▶ **Exercise goal**:
From the line below that contains "Freshware White Paper" to the line that contains "You can also", repeat every line exactly, both ends included, and nothing else.

▶ **Study material**:
☆ ☆ ☆ ☆
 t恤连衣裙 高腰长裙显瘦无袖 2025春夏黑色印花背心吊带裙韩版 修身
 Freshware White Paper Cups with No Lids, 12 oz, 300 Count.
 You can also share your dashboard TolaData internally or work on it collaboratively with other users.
☆ ☆ ☆ ☆
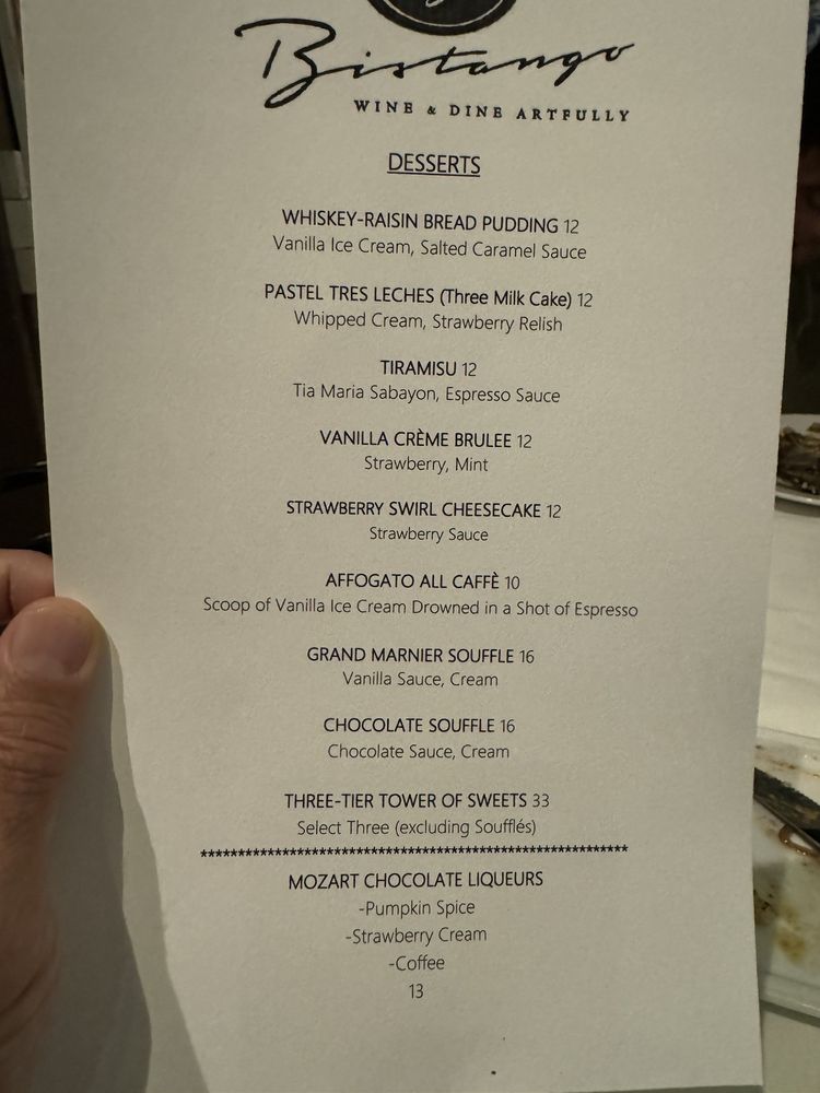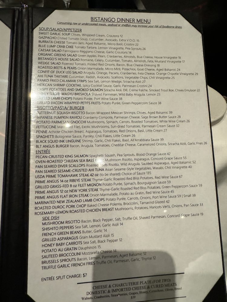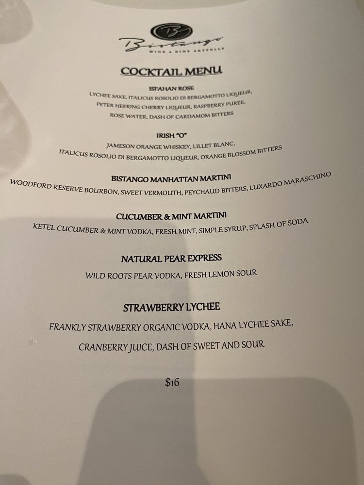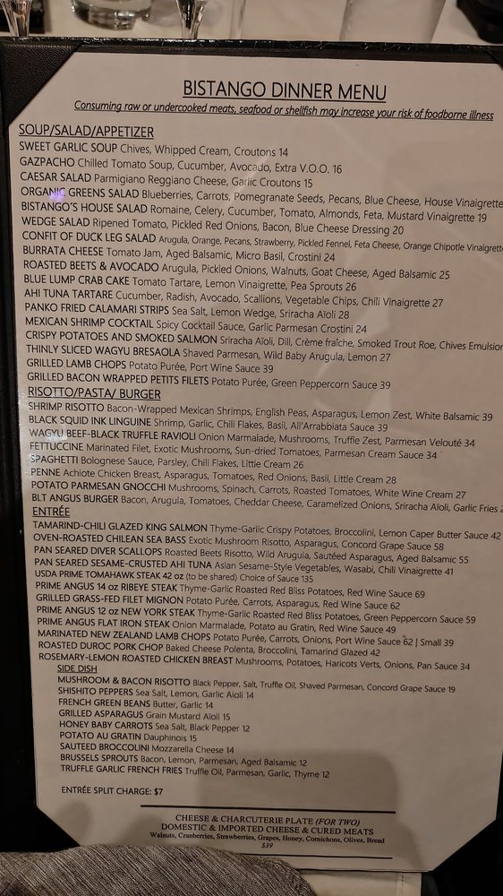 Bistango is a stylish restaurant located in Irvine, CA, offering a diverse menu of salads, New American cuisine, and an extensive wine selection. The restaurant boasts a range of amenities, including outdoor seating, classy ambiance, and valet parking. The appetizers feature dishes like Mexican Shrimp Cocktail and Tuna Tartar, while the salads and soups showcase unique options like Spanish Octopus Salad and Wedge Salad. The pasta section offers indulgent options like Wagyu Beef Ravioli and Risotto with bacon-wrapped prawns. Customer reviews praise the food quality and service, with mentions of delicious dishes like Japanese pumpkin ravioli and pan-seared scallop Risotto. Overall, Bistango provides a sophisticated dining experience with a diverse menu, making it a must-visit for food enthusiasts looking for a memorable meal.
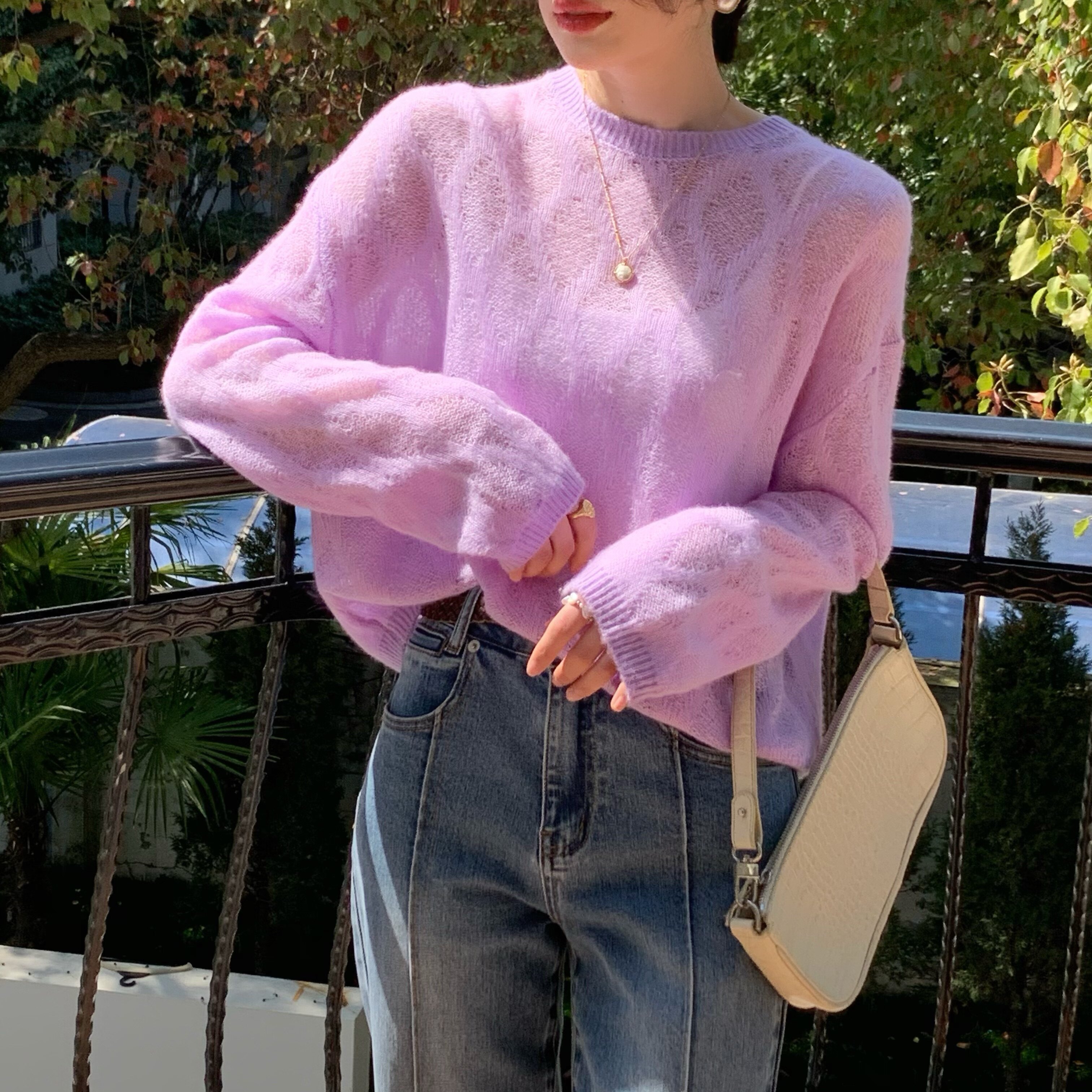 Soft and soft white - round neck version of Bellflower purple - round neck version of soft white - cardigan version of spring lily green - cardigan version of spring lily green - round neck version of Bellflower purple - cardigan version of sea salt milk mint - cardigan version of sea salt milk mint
☆ ☆ ☆ ☆
▶ **Task result**:
 Freshware White Paper Cups with No Lids, 12 oz, 300 Count.
 You can also share your dashboard TolaData internally or work on it collaboratively with other users.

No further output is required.